- [INPUT DATA]:
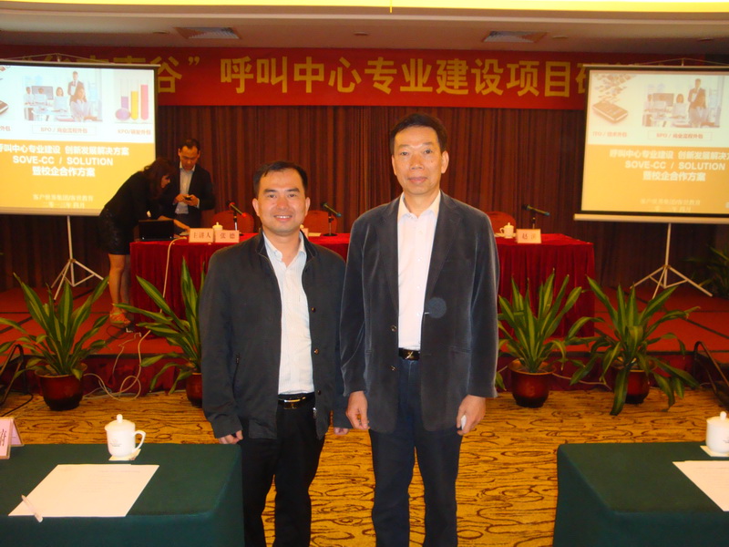 清遠(yuǎn)市市長助理貝冰則把"華南聲谷"的推進(jìn)情況作了詳細(xì)介紹,預(yù)計在未來2-3年將把清遠(yuǎn)打造成華南地區(qū)唯一的粵語、兼顧普通話及英語的呼叫中心,希望各院校能為"華南聲谷"培養(yǎng)并輸送人才,清遠(yuǎn)市將支持呼叫中心建設(shè),為運營提供專業(yè)的指導(dǎo),主動為各職業(yè)院校提供必要的幫助,殷切希望各合作職業(yè)院校做到"提高認(rèn)識,積極籌備"。會后,陳杰倫與CC-CMM國際標(biāo)準(zhǔn)指導(dǎo)委員會趙溪主席針對建設(shè)、項目合作等事宜交流了意見。
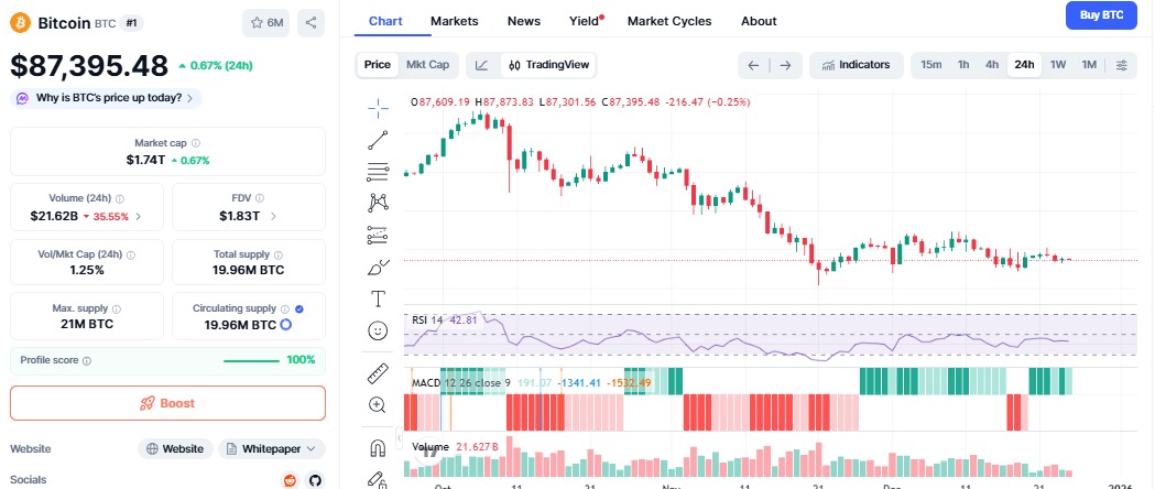 根据CoinMarketCap数据,比特币自2025年10月的历史高点(约126,198美元)已下跌超30%,当前交易价格在87,390美元附近,市值约1.7万亿美元。
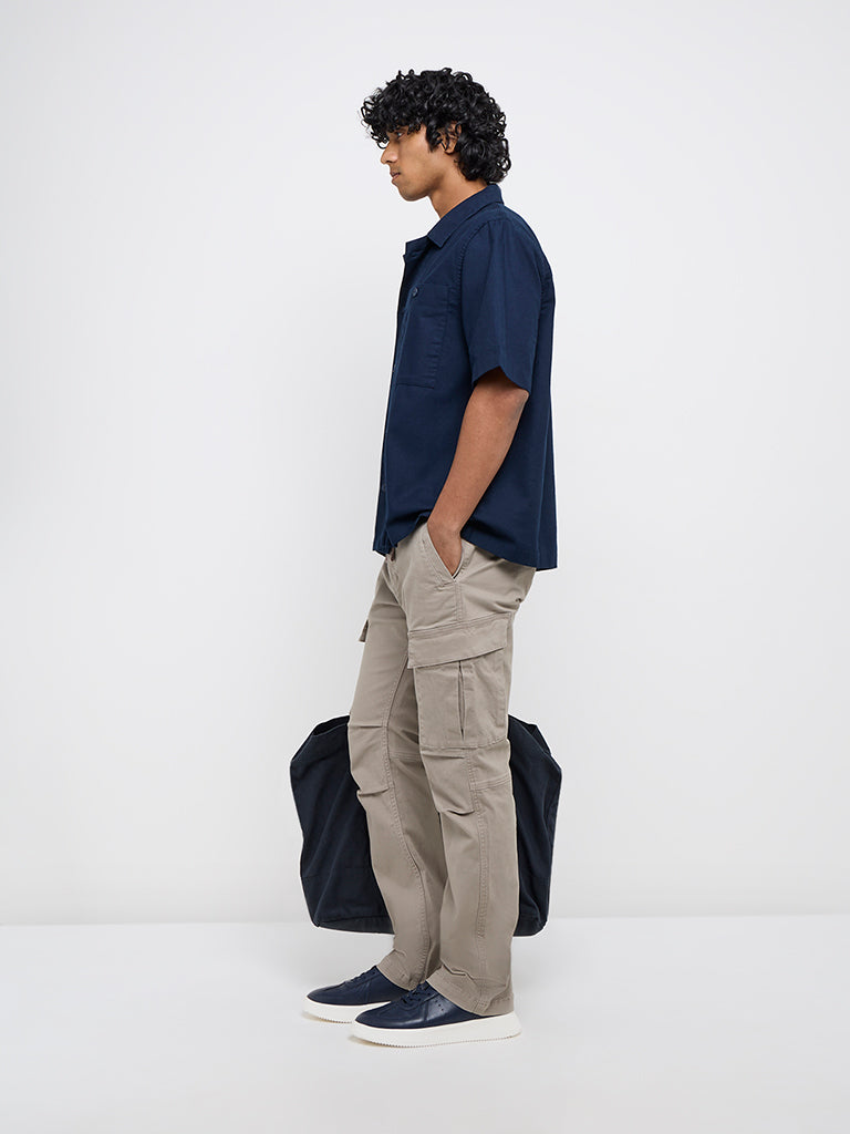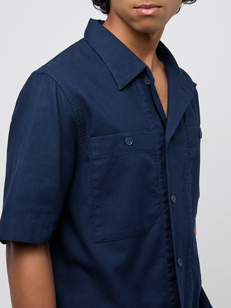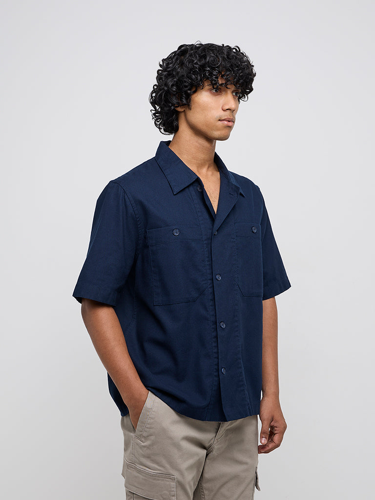 WES Casuals Navy Relaxed-Fit Cotton Shirt

- [GOAL OF THE EXERCISE]: Before you return the listing, strip out its pictures; all else must match exactly.

- [PROBLEM SOLUTION]:
 清遠(yuǎn)市市長助理貝冰則把"華南聲谷"的推進(jìn)情況作了詳細(xì)介紹,預(yù)計在未來2-3年將把清遠(yuǎn)打造成華南地區(qū)唯一的粵語、兼顧普通話及英語的呼叫中心,希望各院校能為"華南聲谷"培養(yǎng)并輸送人才,清遠(yuǎn)市將支持呼叫中心建設(shè),為運營提供專業(yè)的指導(dǎo),主動為各職業(yè)院校提供必要的幫助,殷切希望各合作職業(yè)院校做到"提高認(rèn)識,積極籌備"。會后,陳杰倫與CC-CMM國際標(biāo)準(zhǔn)指導(dǎo)委員會趙溪主席針對建設(shè)、項目合作等事宜交流了意見。
 根据CoinMarketCap数据,比特币自2025年10月的历史高点(约126,198美元)已下跌超30%,当前交易价格在87,390美元附近,市值约1.7万亿美元。
 WES Casuals Navy Relaxed-Fit Cotton Shirt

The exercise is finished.